The current version of JuliaSCGA.jl (0.1.2) only works for 3-dimensional lattices. For 2-dimensional lattices like the triangular lattice, please consider adding a third basis vector that is perpendicular to the 2D lattice and applying no interlayer couplings.

Calculation

Define the k points in reciprocal space of the primary cell where the spin-spin correlation will be calculated:

# calculate the spin correlations in the (hk0) plane, defined in the cubic cell
k_grid = [0:0.005:3;]
qx = [x_grid for x_grid in k_grid, y_grid in k_grid]
qy = [y_grid for x_grid in k_grid, y_grid in k_grid]
q_calc = [vec(qx) vec(qy) zeros(length(qx))]
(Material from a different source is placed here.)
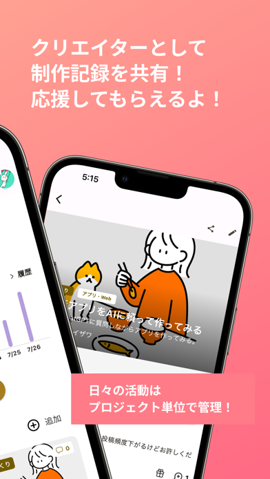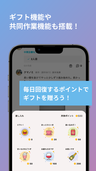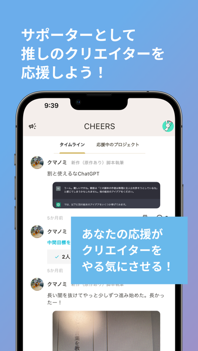 創作の旅は孤独ですが、志を共にする仲間と出会えます。プロジェクト管理機能で進捗を整理し、応援メッセージでモチベーションをアップ。目標達成ログで毎日の成長を実感できます。応援する側にもなることができ、同じ目標を持つ仲間と支え合えます。

# transfer to the primitive cell
qmat = [1/2 1/2 0; 0 1/2 1/2; 1/2 0 1/2]
q_crys = qmat*q_calc'
q_crys = q_crys'*1.0

Before calculating the spin correlations, the bonding vectors among the spins are stored for efficiency:

# generate the bonding distance vector as a N*3 matrix
dist = getDist(uc)

The interaction matrix for the k points of interest are calculated and stored:

# calculate the interaction matrix
Jq_calc = getFourier_iso(uc, dist, q_crys)

A self-consistent calculation is obtained to obtain the Lagrange multiplier $\lambda$ at reverse temperature $\beta$:

# solve lambda
β = 2.0
λ = solveLambda_iso(uc, beta)

Finally, calculate the spin correlation function and plot the results:

correl = getCorr_iso(uc, Jq_calc, β, λ)

using Plots
gr()
heatmap(qx[:,1], qy[1,:], reshape(correl, axes(qx)), xlabel="qx", ylabel="qy", aspect_ratio=1, size=(400,400))

For the example diamond lattice code with J₁ = -1 and J₂ = 0.25, the calculated diffuse pattern looks like this:

Multi-Threading

JuliaSCGA.jl supports the Multi-Threading option to speed up the calculation. To activate this option, following this page to set the number of threads in VS code.